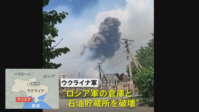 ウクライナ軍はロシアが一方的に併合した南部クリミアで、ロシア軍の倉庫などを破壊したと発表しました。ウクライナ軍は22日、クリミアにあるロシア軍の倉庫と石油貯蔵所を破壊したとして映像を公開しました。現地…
——————
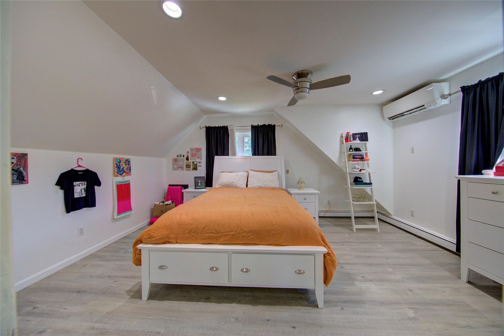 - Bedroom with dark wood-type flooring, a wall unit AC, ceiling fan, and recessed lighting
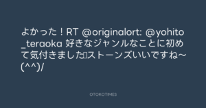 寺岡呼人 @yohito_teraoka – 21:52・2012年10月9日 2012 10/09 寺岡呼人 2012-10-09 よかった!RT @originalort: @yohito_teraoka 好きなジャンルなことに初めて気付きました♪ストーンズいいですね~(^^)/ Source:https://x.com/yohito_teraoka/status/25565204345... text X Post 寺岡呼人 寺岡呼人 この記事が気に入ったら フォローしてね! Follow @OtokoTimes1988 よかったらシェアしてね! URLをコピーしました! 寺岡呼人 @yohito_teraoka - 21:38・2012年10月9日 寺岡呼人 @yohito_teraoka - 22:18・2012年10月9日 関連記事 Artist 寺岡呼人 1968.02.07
——————
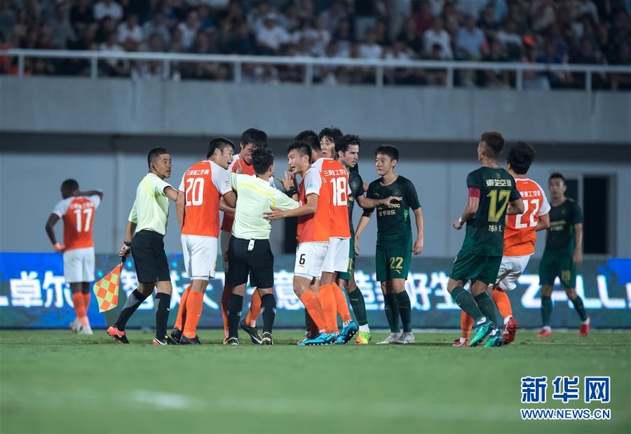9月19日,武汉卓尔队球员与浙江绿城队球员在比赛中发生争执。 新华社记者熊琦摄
——————
- **GOAL OF THE EXERCISE**: Print exactly the lines above that run from the one with "- Bedroom with" to the one with "寺岡呼人 @yohito_teraoka –", both included. No pictures.

- **EXPECTED OUTPUT**:
 - Bedroom with dark wood-type flooring, a wall unit AC, ceiling fan, and recessed lighting
 寺岡呼人 @yohito_teraoka – 21:52・2012年10月9日 2012 10/09 寺岡呼人 2012-10-09 よかった!RT @originalort: @yohito_teraoka 好きなジャンルなことに初めて気付きました♪ストーンズいいですね~(^^)/ Source:https://x.com/yohito_teraoka/status/25565204345... text X Post 寺岡呼人 寺岡呼人 この記事が気に入ったら フォローしてね! Follow @OtokoTimes1988 よかったらシェアしてね! URLをコピーしました! 寺岡呼人 @yohito_teraoka - 21:38・2012年10月9日 寺岡呼人 @yohito_teraoka - 22:18・2012年10月9日 関連記事 Artist 寺岡呼人 1968.02.07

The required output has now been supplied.